**TASK INSTRUCTIONS**
Write the data out again exactly, dropping any images it holds.

**INFORMATION SUPPLIED**
Content starts

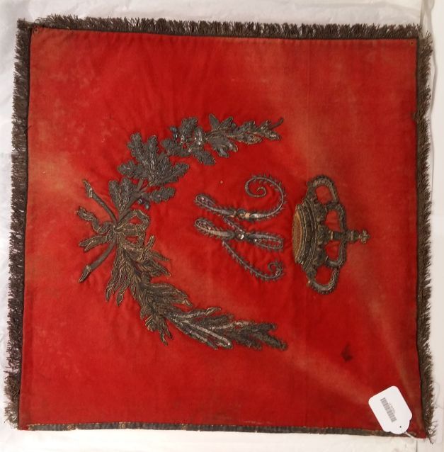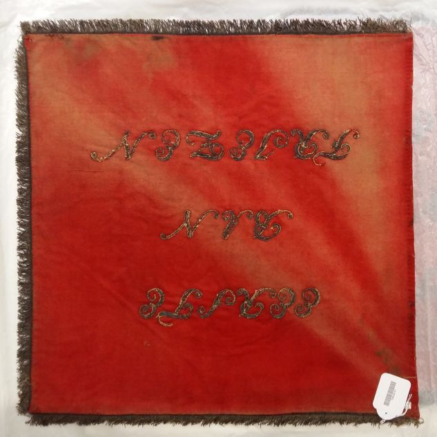 Vaandel van zwaar rood laken met zilver geborduurd en omzoomd met zilveren franje, onderdeel van groep van vijf vaandels met bijbehorende kwasten
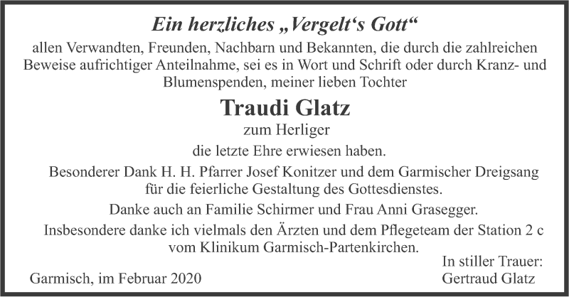 Hier finden Sie alle Traueranzeigen aus der Zeitung, die bisher für Traudi Glatz erschienen sind. Weitere Traueranzeigen, die in der Zeitung erscheinen, werden hier ebenfalls aufgelistet
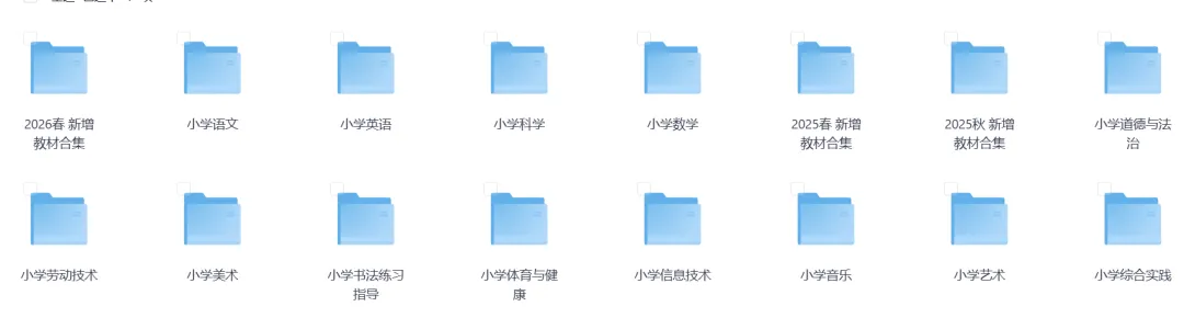 小学/初中全版本全科目电子课本PDF(免费下载) 读者家长们好,此篇分享资料为电子课本合集,小学/初中全版本全科目电子课本PDF(免费下载),部分内容看下图。关注我并点击资料库免费获取! 小学: 初中: 更多资料: 重磅!小学初中家长获取文章或其它资料方式! 【整本书阅读】《论语》分篇目逐条讲解 小学数学人教版培优讲义三到六年级下册 全国中考试题精选天利38系列(2022-2025) 人教版小学数学思维拓展训练一日一练(三到六年级下册) 浙教版小学数学单元素养能力测评试卷(一到六年级下册) 小学数学下册寒假知识汇总 小学英语人教版一到六年级资料汇总(3) 2026版高中《天星教育教材帮》教材同步(数学、语文)必修+选修 小学语文一到六年级下册每日句子练习(家长可打印) 小学数学1-6年级下册 口算题卡 小学语文1-6年级下册 晨读晚默(可打印) 小学语文作文素材大全(1-6年级通用) 《英语口语词汇学习 15000英语单词口袋书》 人教部编版小学数学一六三四五二年级上下期中期末电子版试卷 新人教版初中七八年级上下册单词表英译汉(单词合集) 2025年高三大一轮复习资料 (全九科) 初中七八九年级上册物化生地期末模拟卷 初中数学《每日一练》 更多内容请关注我并点击免费资料-资料库获取!

Content ends

**SOLUTION TO THE PROBLEM**
 Vaandel van zwaar rood laken met zilver geborduurd en omzoomd met zilveren franje, onderdeel van groep van vijf vaandels met bijbehorende kwasten
 Hier finden Sie alle Traueranzeigen aus der Zeitung, die bisher für Traudi Glatz erschienen sind. Weitere Traueranzeigen, die in der Zeitung erscheinen, werden hier ebenfalls aufgelistet
 小学/初中全版本全科目电子课本PDF(免费下载) 读者家长们好,此篇分享资料为电子课本合集,小学/初中全版本全科目电子课本PDF(免费下载),部分内容看下图。关注我并点击资料库免费获取! 小学: 初中: 更多资料: 重磅!小学初中家长获取文章或其它资料方式! 【整本书阅读】《论语》分篇目逐条讲解 小学数学人教版培优讲义三到六年级下册 全国中考试题精选天利38系列(2022-2025) 人教版小学数学思维拓展训练一日一练(三到六年级下册) 浙教版小学数学单元素养能力测评试卷(一到六年级下册) 小学数学下册寒假知识汇总 小学英语人教版一到六年级资料汇总(3) 2026版高中《天星教育教材帮》教材同步(数学、语文)必修+选修 小学语文一到六年级下册每日句子练习(家长可打印) 小学数学1-6年级下册 口算题卡 小学语文1-6年级下册 晨读晚默(可打印) 小学语文作文素材大全(1-6年级通用) 《英语口语词汇学习 15000英语单词口袋书》 人教部编版小学数学一六三四五二年级上下期中期末电子版试卷 新人教版初中七八年级上下册单词表英译汉(单词合集) 2025年高三大一轮复习资料 (全九科) 初中七八九年级上册物化生地期末模拟卷 初中数学《每日一练》 更多内容请关注我并点击免费资料-资料库获取!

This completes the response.